[HN Gopher] 8-bit number to binary string (2013)
___________________________________________________________________
8-bit number to binary string (2013)
Author : modinfo
Score : 47 points
Date : 2022-05-25 19:01 UTC (3 hours ago)
(HTM) web link (gynvael.coldwind.pl)
(TXT) w3m dump (gynvael.coldwind.pl)
| vardump wrote:
| Those constants are somewhat obfuscated.
|
| 3472328296227680304 == 0x3030303030303030
|
| 9241421688590303745 == 0x8040201008040201
|
| 72340172838076673 == 0x0101010101010101
|
| ... and suddenly things are a lot less mysterious.
|
| Similar tricks were used for poor man's SIMD in one 32-bit
| register before MMX, Altivec etc. You could for example do just
| _one_ multiply RGB 5-5-5 bit alpha blending instead of 3! (
| "Cooked" / premultiplied alpha of course.)
| AdamH12113 wrote:
| Thank you, that makes much more sense.
| glouwbug wrote:
| Isn't that poor man SIMD an Abrash Black Book trick?
| vardump wrote:
| Perhaps, although a lot of people invented these tricks
| independently. I think some of the first ones have been known
| since seventies.
| pitaj wrote:
| Wow that's really clever. I never considered that the 8 unicode
| bytes corresponding to the 8 bits of u8 would fit in a u64.
| leni536 wrote:
| The distribution of bits can also be achieved with a PDEP
| instruction, I wonder if that would make this somewhat practical
| on a modern CPU.
| vanderZwan wrote:
| In the previous discussion someone lamented they wished they
| could do this in JavaScript[0].
|
| Nowadays we have TextDecoder and BigInt64Array so I'm pretty sure
| we actually could do it[1][2].
|
| I doubt it would be faster than calling <number>.toString(2), but
| in principle we could port this.
|
| [0] https://news.ycombinator.com/item?id=10517332
|
| [1] https://developer.mozilla.org/en-US/docs/Web/API/TextDecoder
|
| [2] https://developer.mozilla.org/en-
| US/docs/Web/JavaScript/Refe...
| Mr_Modulo wrote:
| <number>.toString(2) Wouldn't be quite right because the output
| needs to be padded out with zeros.
| vanderZwan wrote:
| Oh, right, good catch!
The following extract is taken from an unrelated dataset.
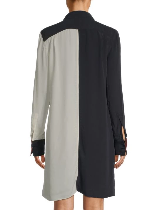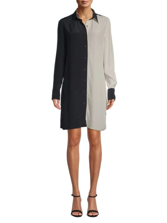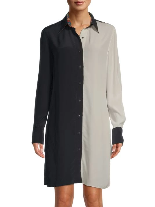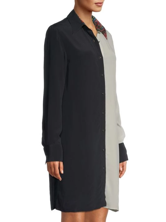 From the Robert Graham Collection. Relaxed shirtdress with a split two-tone design, features a spread collar and rounded hem.

So <number>.toString(2).padStart(8,
| "0") then. I still expect it to be faster than this clever
| hack though.
|
| https://developer.mozilla.org/en-
| US/docs/Web/JavaScript/Refe...
| mmphosis wrote:
| x86_64 no loop needed: movabsq
| $3472328296227680304, %rdx movzbl %dil, %eax
| movabsq $-9205322385119247871, %rdi imulq %rdi, %rax
| movabsq $72340172838076673, %rdi shrq $7, %rax
| andq %rdi, %rax addq %rdx, %rax movq %rax, (%rsi)
|
| 6502 with a loop: LDX #$08 loop
| LSR $EB LDA #$30 ADC #$00 DEX STA
| result,X BNE loop
| dragontamer wrote:
| To truly understand this stuff... you have to study SIMD.
|
| But wait, what SIMD instructions? No no no. The 64-bit register
| here is being used as a 64-way 1-bit SIMD.
|
| You can see that addition and the "&" instructions are just
| simple SIMD. The multiplication instruction can be broken up into
| complex 64x bitshifts + 64x add instructions all into a single
| statement.
|
| In general, this is called SWAR (SIMD within a register).
|
| ---------
|
| The "popcount" trick is also SIMD/SWAR (bitshift and add the &
| 0xcccccccc / 0x33333333 / etc. etc.), and is in fact a
| "reduction" / "prefix sum" applied over 1-bit values in a 32-bit
| or 64-bit register applied in a 1-bit SIMD as well.
|
| ------------
|
| This achieves very fast results because its innately parallel. A
| 64-bit processor after all, can be seen as a 64-way parallel
| 1-bit processor. Learning the parallelization techniques, and
| applying them in this fashion leads to this kind of super-fast
| code.
|
| Furthermore: PEXT / PDEP from Intel can be seen as "bitwise 64x
| way gather" and "bitwise 64x way scatter" bit-instructions. The
| 64-bit register as a 64-way parallel computer is truly a
| marvelous abstraction.
| sfblah wrote:
| It's a clever solution. For converting unsigned chars to strings,
| though, a lookup table is going to be the fastest solution, since
| there are only 256 possibilities.
| userbinator wrote:
| Possibly fastest in a microbenchmark, but that's 2k of cache
| (at least) which the table will consume.
| mortenlarsen wrote:
| Are you sure? A cache miss might be very expensive.
| dragontamer wrote:
| Lookup tables hit the load/store units, IIRC only 2 loads per
| clock tick on modern Intel or AMD-Zen chips (though if anyone
| remembers, correct me if I'm wrong).
|
| Modern bitshifts/add instructions can instead perform 3x per
| clock tick on Intel, and 4x per clock tick on AMD Zen.
|
| Multiplication is 5-cycles of latency, but at least 1-per-clock
| tick, maybe 2-per-clock-tick depending on architecture. The
| /128 is just a "bitshift-right 7".
|
| -------
|
| EDIT: So you need 8x lookups (at least 4 clock ticks worth of
| resources, assuming the CPU can perform 2-lookups per clock
| tick) for your lookup table approach.
|
| But this "*(unsigned long long*)out = 3472328296227680304ULL +
| (((c * 9241421688590303745ULL) / 128) & 72340172838076673ULL)"
| operation only has 3x bit operations + 1x multiply, using
| 2-clock ticks worth of resources.
|
| The multiply and lookups have multiple clock-ticks of latency,
| but throughput tends to be the more important metric rather
| than latency in high-speed CPU code in my experience. (CPUs are
| very smart about rearranging code out-of-order to become
| throughput bound rather than latency bound)
___________________________________________________________________
(page generated 2022-05-25 23:01 UTC)